### ENTRIES SUPPLIED ###

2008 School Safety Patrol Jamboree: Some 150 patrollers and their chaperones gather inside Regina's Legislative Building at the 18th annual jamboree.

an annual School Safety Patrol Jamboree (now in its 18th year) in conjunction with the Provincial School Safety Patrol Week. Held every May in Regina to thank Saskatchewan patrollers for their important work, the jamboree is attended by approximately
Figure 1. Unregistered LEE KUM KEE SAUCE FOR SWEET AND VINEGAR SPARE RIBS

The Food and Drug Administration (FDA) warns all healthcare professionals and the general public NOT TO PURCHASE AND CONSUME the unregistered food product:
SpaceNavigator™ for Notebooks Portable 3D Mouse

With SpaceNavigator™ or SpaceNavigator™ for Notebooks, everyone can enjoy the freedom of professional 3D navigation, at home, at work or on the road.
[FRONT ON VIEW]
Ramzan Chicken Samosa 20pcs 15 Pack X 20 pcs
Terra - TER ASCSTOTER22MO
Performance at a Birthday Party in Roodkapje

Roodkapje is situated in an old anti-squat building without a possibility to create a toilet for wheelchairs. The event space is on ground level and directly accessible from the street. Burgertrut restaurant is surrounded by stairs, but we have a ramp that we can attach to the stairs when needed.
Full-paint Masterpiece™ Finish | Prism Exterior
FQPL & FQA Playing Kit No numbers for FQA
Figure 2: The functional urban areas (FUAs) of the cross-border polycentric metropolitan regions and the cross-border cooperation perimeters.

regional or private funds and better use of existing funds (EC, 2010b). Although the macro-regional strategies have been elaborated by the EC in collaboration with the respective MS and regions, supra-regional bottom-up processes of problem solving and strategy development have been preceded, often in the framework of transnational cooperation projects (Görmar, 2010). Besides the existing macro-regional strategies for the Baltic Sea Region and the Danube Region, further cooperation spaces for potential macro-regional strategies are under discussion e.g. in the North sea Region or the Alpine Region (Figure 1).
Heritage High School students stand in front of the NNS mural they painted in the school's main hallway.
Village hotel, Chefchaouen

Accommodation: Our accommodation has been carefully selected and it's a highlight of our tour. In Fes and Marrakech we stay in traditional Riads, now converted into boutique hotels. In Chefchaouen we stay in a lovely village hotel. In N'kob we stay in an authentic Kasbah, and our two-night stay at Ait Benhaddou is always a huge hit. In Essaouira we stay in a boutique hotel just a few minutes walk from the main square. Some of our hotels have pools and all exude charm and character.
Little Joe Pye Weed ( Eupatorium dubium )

###

For this exercise, retype each entry from above exactly as it stands.

2008 School Safety Patrol Jamboree: Some 150 patrollers and their chaperones gather inside Regina's Legislative Building at the 18th annual jamboree.

an annual School Safety Patrol Jamboree (now in its 18th year) in conjunction with the Provincial School Safety Patrol Week. Held every May in Regina to thank Saskatchewan patrollers for their important work, the jamboree is attended by approximately
Figure 1. Unregistered LEE KUM KEE SAUCE FOR SWEET AND VINEGAR SPARE RIBS

The Food and Drug Administration (FDA) warns all healthcare professionals and the general public NOT TO PURCHASE AND CONSUME the unregistered food product:
SpaceNavigator™ for Notebooks Portable 3D Mouse

With SpaceNavigator™ or SpaceNavigator™ for Notebooks, everyone can enjoy the freedom of professional 3D navigation, at home, at work or on the road.
[FRONT ON VIEW]
Ramzan Chicken Samosa 20pcs 15 Pack X 20 pcs
Terra - TER ASCSTOTER22MO
Performance at a Birthday Party in Roodkapje

Roodkapje is situated in an old anti-squat building without a possibility to create a toilet for wheelchairs. The event space is on ground level and directly accessible from the street. Burgertrut restaurant is surrounded by stairs, but we have a ramp that we can attach to the stairs when needed.
Full-paint Masterpiece™ Finish | Prism Exterior
FQPL & FQA Playing Kit No numbers for FQA
Figure 2: The functional urban areas (FUAs) of the cross-border polycentric metropolitan regions and the cross-border cooperation perimeters.

regional or private funds and better use of existing funds (EC, 2010b). Although the macro-regional strategies have been elaborated by the EC in collaboration with the respective MS and regions, supra-regional bottom-up processes of problem solving and strategy development have been preceded, often in the framework of transnational cooperation projects (Görmar, 2010). Besides the existing macro-regional strategies for the Baltic Sea Region and the Danube Region, further cooperation spaces for potential macro-regional strategies are under discussion e.g. in the North sea Region or the Alpine Region (Figure 1).
Heritage High School students stand in front of the NNS mural they painted in the school's main hallway.
Village hotel, Chefchaouen

Accommodation: Our accommodation has been carefully selected and it's a highlight of our tour. In Fes and Marrakech we stay in traditional Riads, now converted into boutique hotels. In Chefchaouen we stay in a lovely village hotel. In N'kob we stay in an authentic Kasbah, and our two-night stay at Ait Benhaddou is always a huge hit. In Essaouira we stay in a boutique hotel just a few minutes walk from the main square. Some of our hotels have pools and all exude charm and character.
Little Joe Pye Weed ( Eupatorium dubium )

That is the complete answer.